* **EXCERPTED RECORDS**:
****************

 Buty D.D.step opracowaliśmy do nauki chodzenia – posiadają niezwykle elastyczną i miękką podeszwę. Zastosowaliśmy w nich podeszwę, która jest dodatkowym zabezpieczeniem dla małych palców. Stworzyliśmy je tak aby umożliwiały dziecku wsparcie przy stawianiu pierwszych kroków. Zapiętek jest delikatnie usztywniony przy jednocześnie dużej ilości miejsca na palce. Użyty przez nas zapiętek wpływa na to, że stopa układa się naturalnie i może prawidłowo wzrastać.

****************

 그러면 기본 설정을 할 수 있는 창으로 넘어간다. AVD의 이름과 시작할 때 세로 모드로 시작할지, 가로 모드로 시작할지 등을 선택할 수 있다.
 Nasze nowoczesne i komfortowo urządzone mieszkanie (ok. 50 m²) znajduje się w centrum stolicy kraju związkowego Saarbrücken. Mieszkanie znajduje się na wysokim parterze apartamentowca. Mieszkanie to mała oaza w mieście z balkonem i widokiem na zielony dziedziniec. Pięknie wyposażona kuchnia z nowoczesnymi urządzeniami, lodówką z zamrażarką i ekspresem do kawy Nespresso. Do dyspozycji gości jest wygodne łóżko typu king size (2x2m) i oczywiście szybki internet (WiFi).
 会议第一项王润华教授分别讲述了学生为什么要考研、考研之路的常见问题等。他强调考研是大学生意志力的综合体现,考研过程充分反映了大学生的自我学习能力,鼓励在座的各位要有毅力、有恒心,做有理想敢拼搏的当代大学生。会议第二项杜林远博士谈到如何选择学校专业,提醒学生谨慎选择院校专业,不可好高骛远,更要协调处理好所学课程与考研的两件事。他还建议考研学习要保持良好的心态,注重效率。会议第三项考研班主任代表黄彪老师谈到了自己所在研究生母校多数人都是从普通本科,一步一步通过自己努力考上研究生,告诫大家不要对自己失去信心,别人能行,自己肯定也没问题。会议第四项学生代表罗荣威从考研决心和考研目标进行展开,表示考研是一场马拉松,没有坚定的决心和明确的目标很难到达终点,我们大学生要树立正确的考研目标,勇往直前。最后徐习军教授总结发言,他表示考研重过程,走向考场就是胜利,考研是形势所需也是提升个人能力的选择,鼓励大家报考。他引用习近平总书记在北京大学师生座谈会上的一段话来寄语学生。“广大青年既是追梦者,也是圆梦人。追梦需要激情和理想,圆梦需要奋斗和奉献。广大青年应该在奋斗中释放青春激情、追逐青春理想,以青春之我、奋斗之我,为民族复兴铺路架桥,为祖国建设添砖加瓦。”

****************

* **PROMPT**: Using the records above, set down exactly the lines from the one with "Nasze nowoczesne i" through the one with "会议第一项王润华教授分别讲述", inclusive, and nothing more.

* **ANSWER AREA**:
 Nasze nowoczesne i komfortowo urządzone mieszkanie (ok. 50 m²) znajduje się w centrum stolicy kraju związkowego Saarbrücken. Mieszkanie znajduje się na wysokim parterze apartamentowca. Mieszkanie to mała oaza w mieście z balkonem i widokiem na zielony dziedziniec. Pięknie wyposażona kuchnia z nowoczesnymi urządzeniami, lodówką z zamrażarką i ekspresem do kawy Nespresso. Do dyspozycji gości jest wygodne łóżko typu king size (2x2m) i oczywiście szybki internet (WiFi).
 会议第一项王润华教授分别讲述了学生为什么要考研、考研之路的常见问题等。他强调考研是大学生意志力的综合体现,考研过程充分反映了大学生的自我学习能力,鼓励在座的各位要有毅力、有恒心,做有理想敢拼搏的当代大学生。会议第二项杜林远博士谈到如何选择学校专业,提醒学生谨慎选择院校专业,不可好高骛远,更要协调处理好所学课程与考研的两件事。他还建议考研学习要保持良好的心态,注重效率。会议第三项考研班主任代表黄彪老师谈到了自己所在研究生母校多数人都是从普通本科,一步一步通过自己努力考上研究生,告诫大家不要对自己失去信心,别人能行,自己肯定也没问题。会议第四项学生代表罗荣威从考研决心和考研目标进行展开,表示考研是一场马拉松,没有坚定的决心和明确的目标很难到达终点,我们大学生要树立正确的考研目标,勇往直前。最后徐习军教授总结发言,他表示考研重过程,走向考场就是胜利,考研是形势所需也是提升个人能力的选择,鼓励大家报考。他引用习近平总书记在北京大学师生座谈会上的一段话来寄语学生。“广大青年既是追梦者,也是圆梦人。追梦需要激情和理想,圆梦需要奋斗和奉献。广大青年应该在奋斗中释放青春激情、追逐青春理想,以青春之我、奋斗之我,为民族复兴铺路架桥,为祖国建设添砖加瓦。”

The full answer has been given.